───── The input ─────

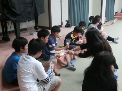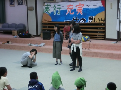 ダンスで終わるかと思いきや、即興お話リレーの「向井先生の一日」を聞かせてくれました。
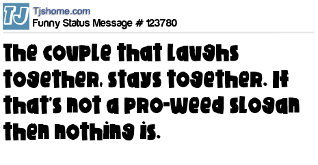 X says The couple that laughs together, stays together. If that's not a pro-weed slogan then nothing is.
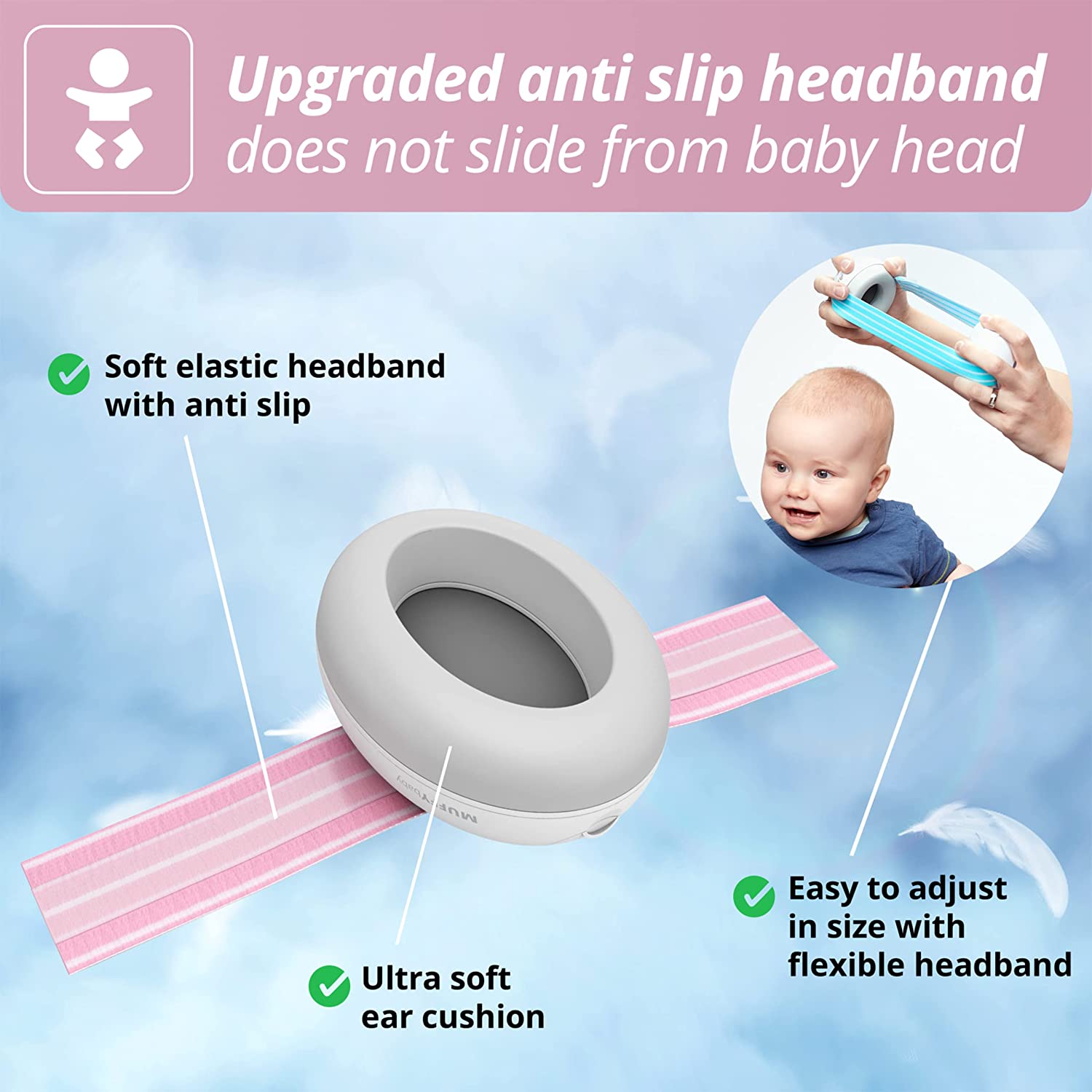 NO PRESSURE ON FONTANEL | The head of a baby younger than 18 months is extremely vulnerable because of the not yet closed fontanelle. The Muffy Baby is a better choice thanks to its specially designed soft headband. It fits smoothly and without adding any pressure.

─────
───── The input ─────

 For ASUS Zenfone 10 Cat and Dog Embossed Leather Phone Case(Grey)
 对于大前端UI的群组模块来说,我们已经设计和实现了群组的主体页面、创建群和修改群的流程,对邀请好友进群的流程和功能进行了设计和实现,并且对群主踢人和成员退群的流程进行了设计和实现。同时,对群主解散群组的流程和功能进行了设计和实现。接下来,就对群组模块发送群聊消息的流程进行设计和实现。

─────

In the entries above, find the line with "For ASUS Zenfone" and the line with "对于大前端UI的群组模块来说", then restate word for word both of them and every line between, with nothing more.

> Answer to the problem
 For ASUS Zenfone 10 Cat and Dog Embossed Leather Phone Case(Grey)
 对于大前端UI的群组模块来说,我们已经设计和实现了群组的主体页面、创建群和修改群的流程,对邀请好友进群的流程和功能进行了设计和实现,并且对群主踢人和成员退群的流程进行了设计和实现。同时,对群主解散群组的流程和功能进行了设计和实现。接下来,就对群组模块发送群聊消息的流程进行设计和实现。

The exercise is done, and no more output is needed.